O secretário de Estado do Emprego, Miguel Cabrita, defendeu esta sexta-feira um “equilíbrio correto” e uma “regulação da atividade” das empresas de trabalho temporário em Portugal para que se possa extrair todo o seu potencial.

O governante que falava, em Lisboa, num seminário onde foi apresentado o relatório anual do Provedor da Ética Empresarial e do Trabalhador Temporário (PEETT), relativo a 2015, disse que “faz sentido encontrar um equilíbrio correto e uma regulação da atividade destas empresas, de maneira a que possamos extrair delas o potencial que devem ter, sem esquecer os riscos que existem e garantir que as regras são cumpridas”.

Segundo Miguel Cabrita, o trabalho temporário “é uma atividade que tem um potencial de inserção de mais curta duração das pessoas no mercado de emprego”.

Mas admitiu que se levantam também “questões delicadas do ponto de vista da qualidade e da sua sustentabilidade ao longo do tempo”, lembrou.

O secretário de Estado falou dos riscos que têm a ver com o trabalho temporário que, por definição “não é permanente”, pois responde a picos de atividades de empresas ou a necessidades muito específicas das empresas.

As relações laborais que se estabelecem por esta via são relações triangulares – envolvem um trabalhador, uma empresa de colocação e uma que beneficia dessa colocação”, disse.

“São relações laborais mais complexas”, advertiu.

“É importante que todos os vértices deste triângulo tenham um papel em termos de responsabilização perante a situação do trabalhador e o seu trajeto”, sublinhou.

O Provedor da Ética Empresarial e do Trabalhador Temporário (PEETT), Vitalino Canas, que apresentou o relatório sobre o setor do trabalho temporário disse que este setor recuperou, em 2015, para níveis anteriores à crise, tendo-se tornado cada vez mais “cumpridor”.

Em declarações à agência Lusa a propósito da divulgação do VIII Relatório do PEETT, Vitalino Canas referiu que este setor vale hoje mais de mil milhões de euros e que o ano de 2015 foi de “recuperação” e que 2016 terá tendência para crescer ainda mais.
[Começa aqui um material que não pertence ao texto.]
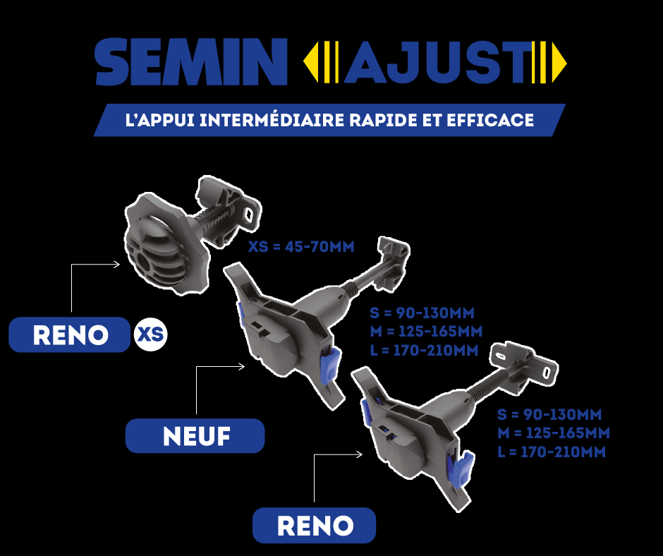 - SEMIN AJUST RENO XS : amplitude de 30 à 55 mm, adapté aux espaces réduits.
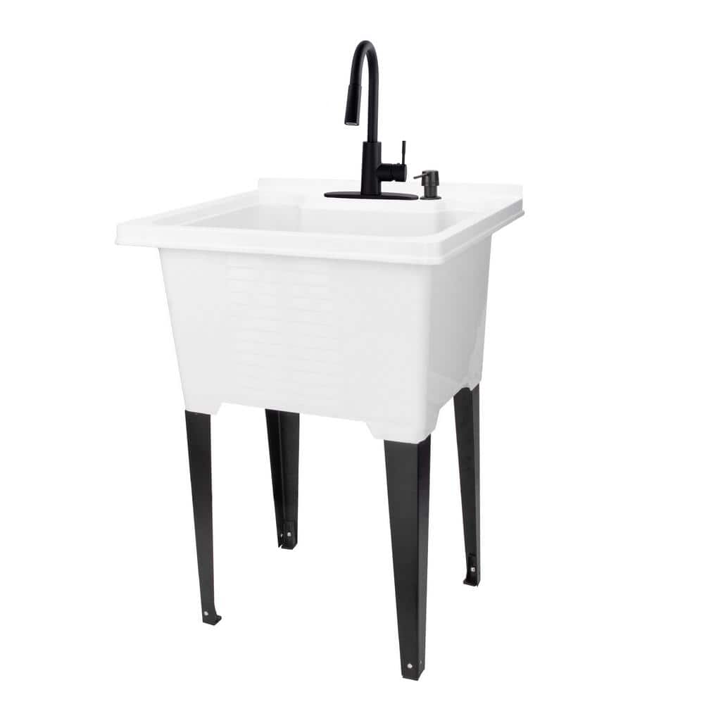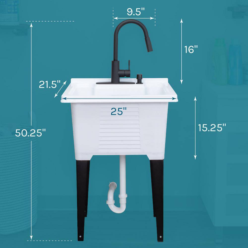 TEHILA 25 in. ABS Plastic Freestanding Utility Sink with Black Hi-Arc Faucet

Isto confirma aquela ideia de que sempre que a economia começa a crescer, a reagir à crise, a ter melhores níveis de performance, reflete-se imediatamente através do recurso ao trabalho temporário”, disse.

“O trabalho temporário é, simultaneamente, um indicador da melhoria das condições económicas e também um dinamizador, uma vez que confere às empresas soluções de flexibilidade para elas poderem, em períodos de transição, ir cautelosamente explorado as oportunidades que existam quando ainda não é claro se a atividade económica já está em franca expansão ou não”, acrescentou.

Em relação à atividade do PEETT, iniciada em 2007 e dinamizada pela Associação Portuguesa das Empresas do Setor Privado de Emprego e Recursos Humanos (APESPE), os dados demonstram que, há semelhança dos dois últimos anos, houve uma diminuição do número de casos processados.

“É um sinal da menor litigiosidade no setor”, considera Vitalino Canas, referindo que o setor, “além de estar mais regulamentado, parece que está mais cumpridor”.

Em 2015 houve 66 iniciativas de trabalhadores perante o PEETT, com a maioria das mesmas a verificarem-se no primeiro semestre do ano, 41 das quais a corresponderem a dúvidas endereçadas pelos trabalhadores, destacando-se o papel do PEETT enquanto consultor jurídico.

O Provedor conseguiu diminuir ligeiramente o seu tempo de resposta médio para cada pedido, cifrando-se este, no ano de 2015, em 1,91 dias por cada pedido.